■ **Supplied data**
Segment Open

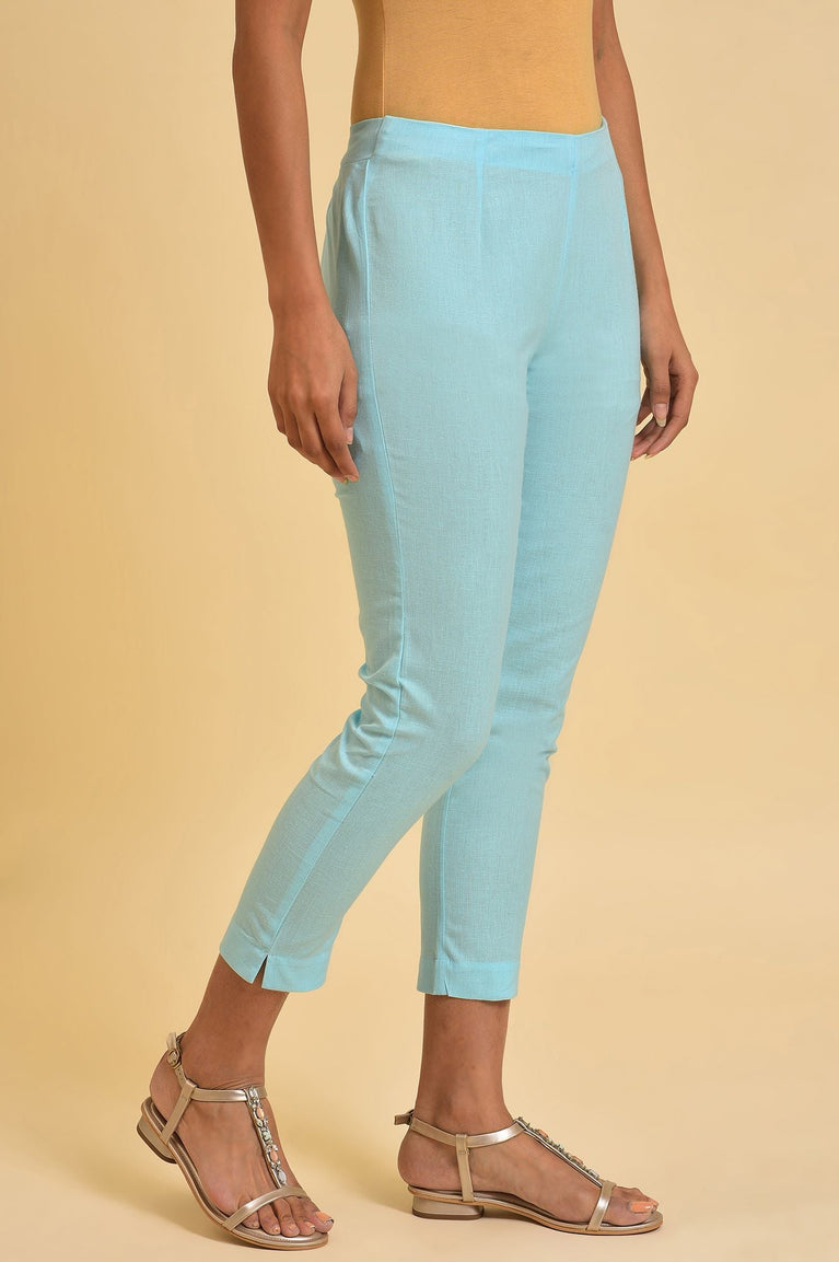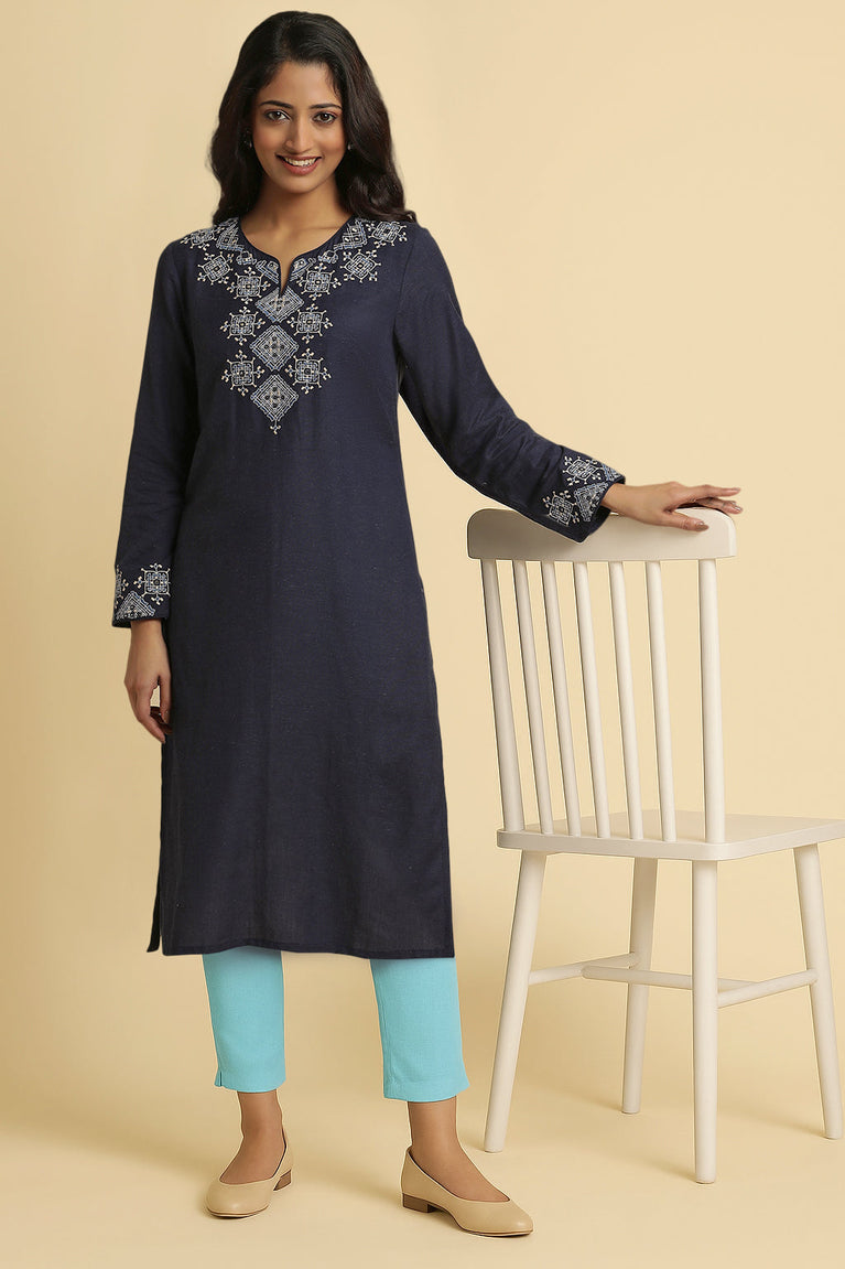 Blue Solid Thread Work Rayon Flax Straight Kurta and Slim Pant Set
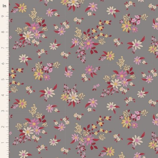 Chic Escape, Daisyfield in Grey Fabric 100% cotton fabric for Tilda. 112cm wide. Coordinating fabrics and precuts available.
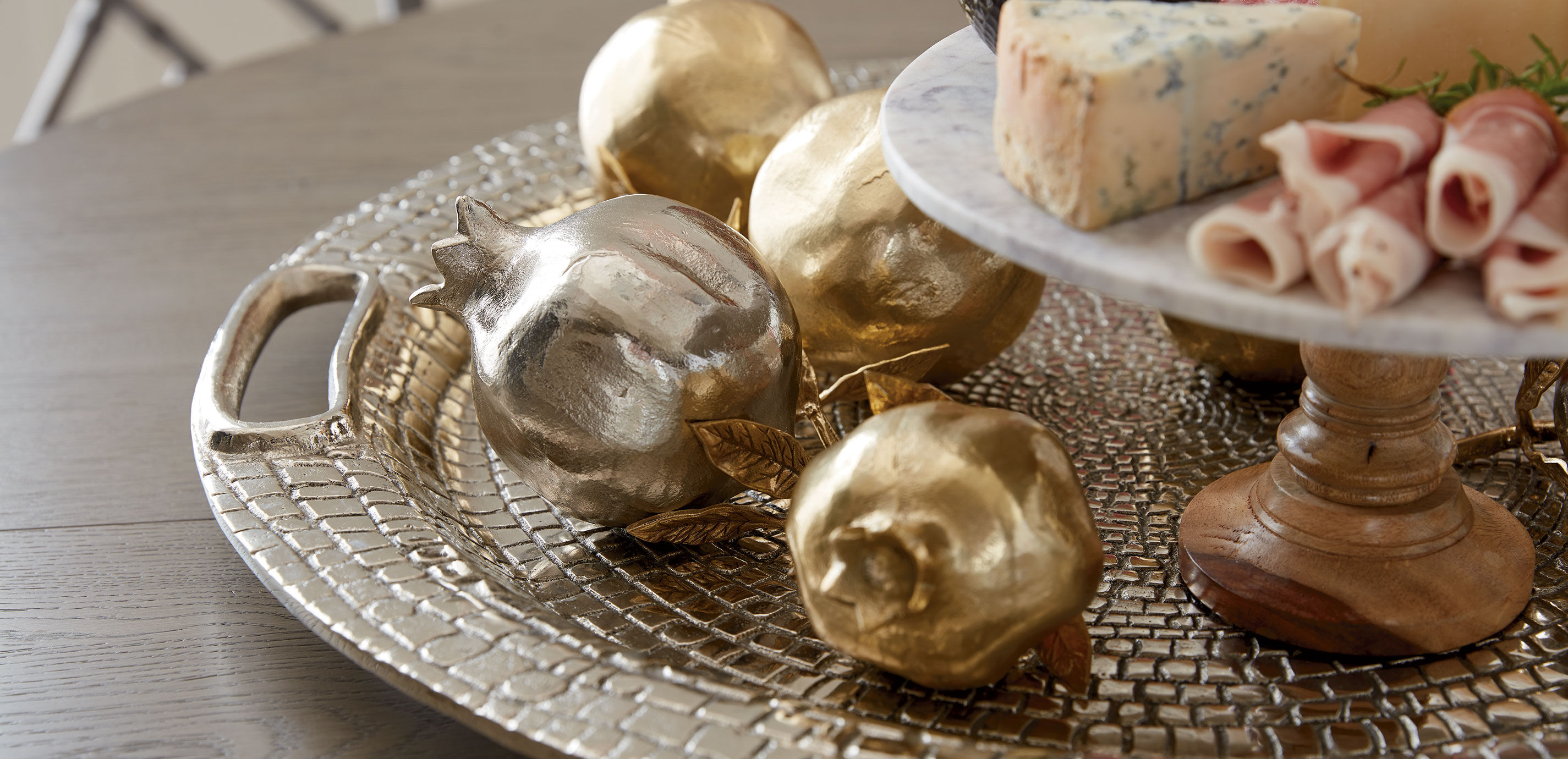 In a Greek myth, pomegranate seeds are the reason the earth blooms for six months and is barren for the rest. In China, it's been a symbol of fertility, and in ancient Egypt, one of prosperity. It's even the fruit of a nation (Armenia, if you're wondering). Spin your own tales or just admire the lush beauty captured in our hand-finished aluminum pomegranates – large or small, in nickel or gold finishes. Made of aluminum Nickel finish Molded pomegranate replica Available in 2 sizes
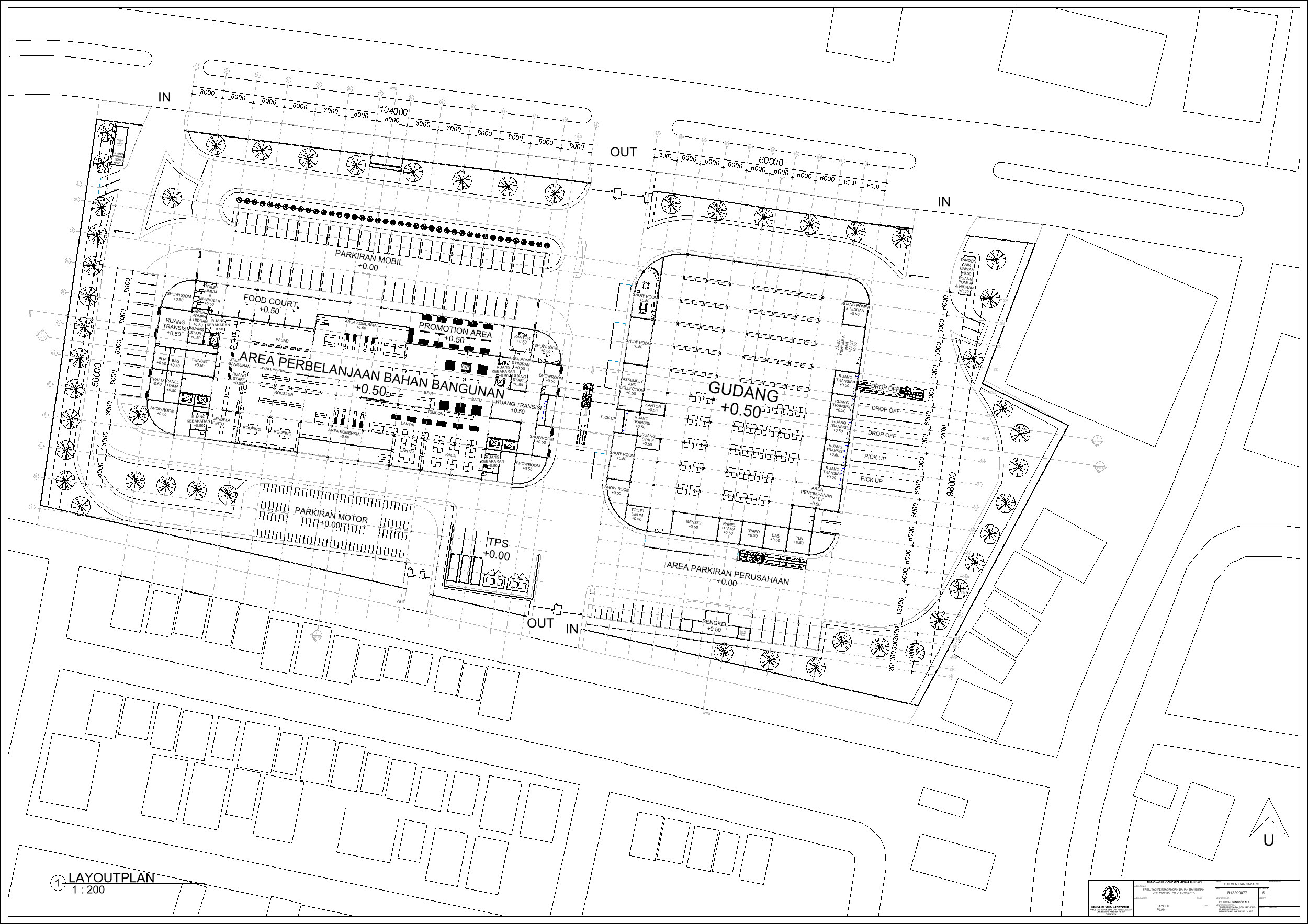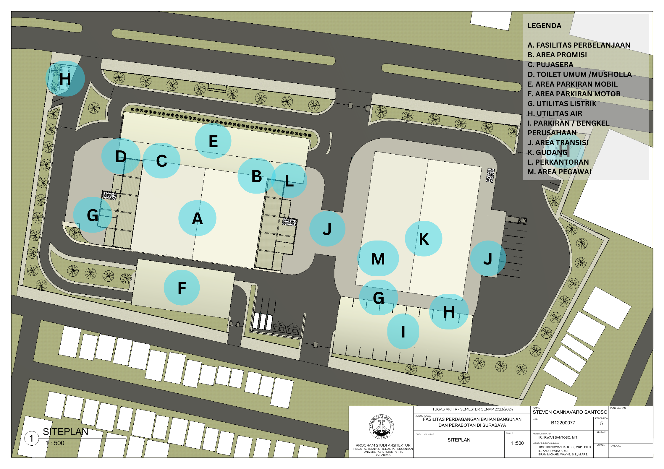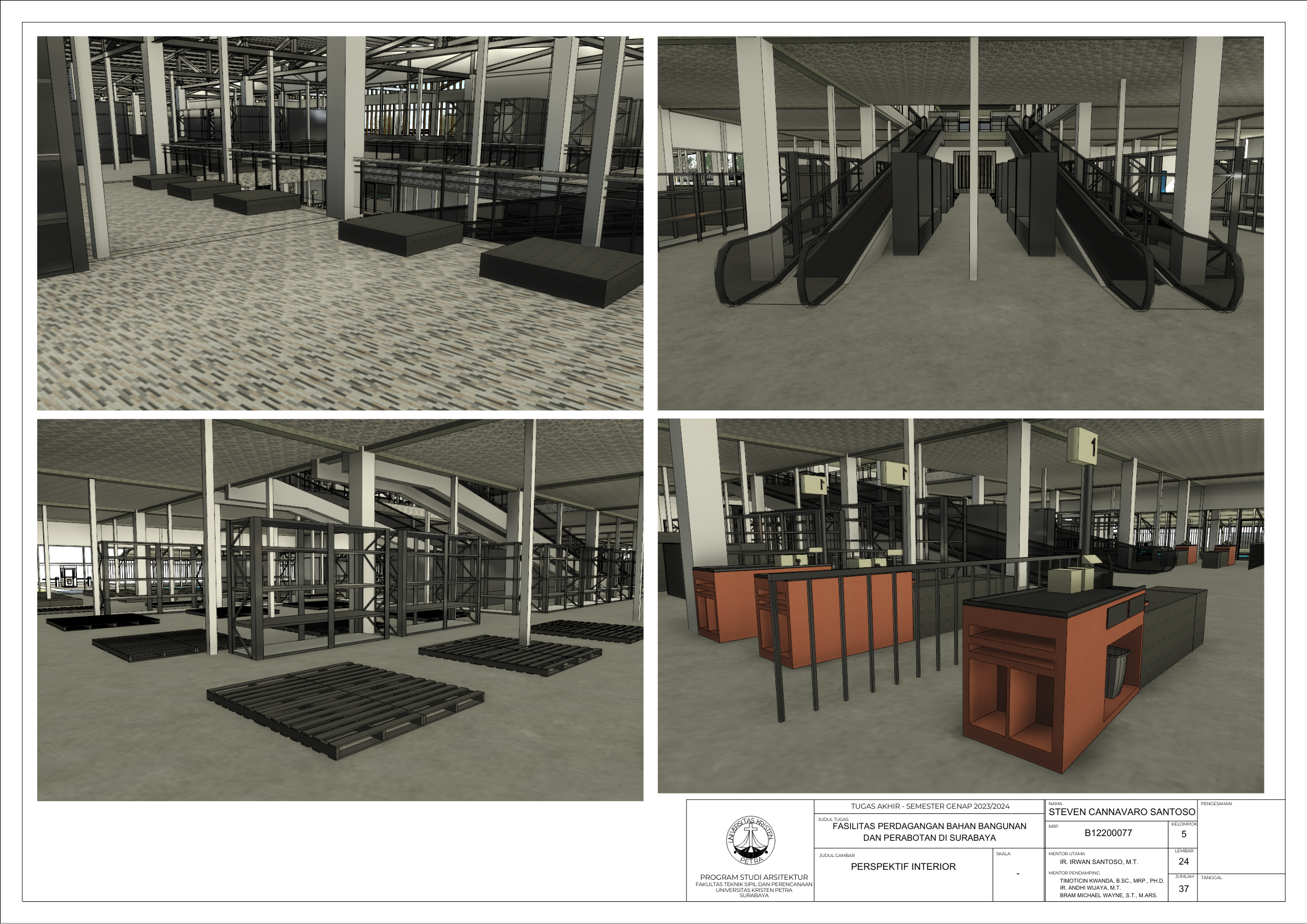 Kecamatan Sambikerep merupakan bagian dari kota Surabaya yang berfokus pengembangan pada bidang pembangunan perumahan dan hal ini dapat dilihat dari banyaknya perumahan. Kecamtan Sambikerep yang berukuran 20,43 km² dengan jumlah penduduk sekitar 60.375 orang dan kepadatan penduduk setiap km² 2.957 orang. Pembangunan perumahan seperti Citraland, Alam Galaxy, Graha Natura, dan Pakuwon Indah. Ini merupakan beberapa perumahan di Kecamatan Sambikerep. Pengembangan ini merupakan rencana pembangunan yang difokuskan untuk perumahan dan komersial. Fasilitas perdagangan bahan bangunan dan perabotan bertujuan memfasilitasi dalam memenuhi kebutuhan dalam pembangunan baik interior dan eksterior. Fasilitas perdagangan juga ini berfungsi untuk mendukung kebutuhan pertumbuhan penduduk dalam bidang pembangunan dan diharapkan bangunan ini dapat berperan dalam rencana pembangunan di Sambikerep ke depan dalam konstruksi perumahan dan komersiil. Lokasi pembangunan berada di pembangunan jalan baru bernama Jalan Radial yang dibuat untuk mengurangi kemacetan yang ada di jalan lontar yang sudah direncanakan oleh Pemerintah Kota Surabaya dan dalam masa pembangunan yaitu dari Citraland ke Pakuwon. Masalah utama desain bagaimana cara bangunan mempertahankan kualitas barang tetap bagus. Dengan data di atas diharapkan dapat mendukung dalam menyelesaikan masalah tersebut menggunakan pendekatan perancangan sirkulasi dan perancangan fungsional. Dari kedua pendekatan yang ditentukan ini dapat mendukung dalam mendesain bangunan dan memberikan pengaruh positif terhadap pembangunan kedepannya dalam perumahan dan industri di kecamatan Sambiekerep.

Segment Closed

■ **What needs to be done**
Copy nothing but the lines from the top of the data down to the line containing "Chic Escape, Daisyfield", and leave the pictures out.

■ **Written solution**
 Blue Solid Thread Work Rayon Flax Straight Kurta and Slim Pant Set
 Chic Escape, Daisyfield in Grey Fabric 100% cotton fabric for Tilda. 112cm wide. Coordinating fabrics and precuts available.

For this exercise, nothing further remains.